Перейти на страницу:

Когда прощался Аввакум, то вдруг отвердел голосом и открылся: «Знаю верно, скоро пришлют за мною. Чую, гонцы скачут по мою душу, аж земля дрожит. Крепко царь возлюбил псов подпазушных, кто с тарелок лижет… Но мне-то куда? У меня душа не принимает чужих подач, коли они скверною испогажены!»

«… Ведь никакого же худа не желаю я! – недоуменно вскричал Аввакум. – Только живите по заветам старших, не переимывайте на себя чужих болячек!»

Он нерешительно толкнулся в дверь, словно бы в сумерках сеней уже дожидалась его нетерпеливая воинская спира, чтобы вязать гордеца и тащить на муку.

И промолвила бояроня пересохшим голосом, увидев грядущий путь протопопа, по-бабьи прижаливая его, как отлученного от титьки младенца, но и властно отпихивая его в незнакомую жизнь, на долгие мытарства: «Умри, батюшко, за что стоишь. И меня научи, как умереть. Дел моих нет, только верою уповаю быти при тебе…»

После Ильина дня пришел по жеребью черед Ванюковых плавать семгу. Господи, какой это незабываемый праздник-то в дому, но и суматоха до угара; старенькой Улите Егоровне, горевавшей в сиротской избе, уж и не грезилось даже такого куражливого, сытного и хмельного дня (что прежде за обыденку) внове пережить. А много ли христовенькой надо? головизну, да хвостовое перо на ушицу, да когда звенышко, укусок крохотный на зубок положить в потеху, от жирного брюшка волоть обсосать… А тут бочки, вроде бы навсегда забытые в подызбице, достали и пропарили кипятком с вересовыми вениками, прожарили кади и бадьи, ножи шкерочные оттянули на точиле, и соли рогожный куль притартали от таможенного целовальника; и речную посудину уконопатили и помазали варом, и снасть окурили над заговорным костерком, и на каждый кибас и берестяный наплавок сбрызнули святой водою через уголек, чтобы отшатнуть прочь нечистого, отогнать блудницу-берегиню, водяную маруху, русалку-лешевицу…

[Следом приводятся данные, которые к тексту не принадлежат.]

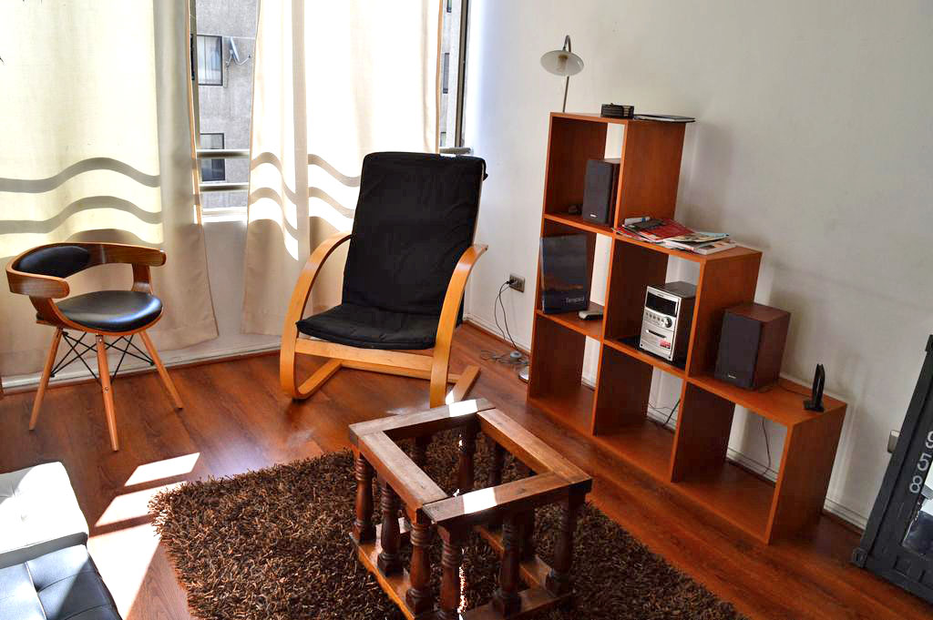 Departamento amoblado de 1 habitación ubicado a 3 minutos caminando de la parada de autobús y a 3 minutos caminando de la Estación de Metro Bellas Artes.El departamento tiene cocina (abierta) y 1 baño. El lugar mide 37m² aproximadamente. Los gastos de servicios de gastos comunes, agua caliente, agua fría, electricidad e internet se pagan por adelantado junto a la renta mensual, con un límite de consumo de $ 106USD. El alojamiento tiene lavandería compartida (lavado o secado). Se debe pagar garantía (depósito) la que será devuelta al finalizar el período de arriendo; además, se debe pagar $ 33USD al momento de devolver el alojamiento para realizar la limpieza del lugar. Cerca del alojamiento se encuentra el Barrio Lastarria y Barrio Bellas Artes (barrios históricos - culturales), caracterizados por sus casonas del siglo XIX restauradas y utilizadas como restaurantes, cafeterías, librerías, centros culturales, entre otros. A pasos podrás encontrar el Museo Nacional de Bellas Artes, donde se resguarda lo más valioso del arte nacional e internacional y el Parque Forestal, lugar ideal para compartir con amigos, practicar deportes y pasear.

Головщиком позвали в дружину соседа Ивана Семеновича Личютина: старик знаткий, досужий, поход косяка издали чует и верно знает по досюльным преданиям, коими лишь и живет здешний поселянин. Поморец исстари к воде прижался, прибегши однажды из Новугорода, оследился на высокой горе, и река для мезенца с ее крутым норовом как неиссякаемая живая погребица с тайными закромами, куда непотребно залезать с жадными ухапистыми руками. Христос о том следит, а душа не велит. Помор вроде бы из Псалтыри считывает, когда стоит рыбу ловить; а семга знает, в какие поры попадать ей с моря, и словно бы только и поджидает престольного праздника, чтобы с Божьего изволу по тайному знаку плыть на родины в верховья многих тундровых порожистых речек и, перевалив через каменистые осыпи, залечь в омута и высеять в копы созревшую рудо-желтую икру. Вот и подгадывает бывалый бродник похода «светлой», ведь после июльской меженной мелкой семги-трехфунтовки тянутся в родные домы такие оковалки, такие тяпухи, что на пуд и более свесят…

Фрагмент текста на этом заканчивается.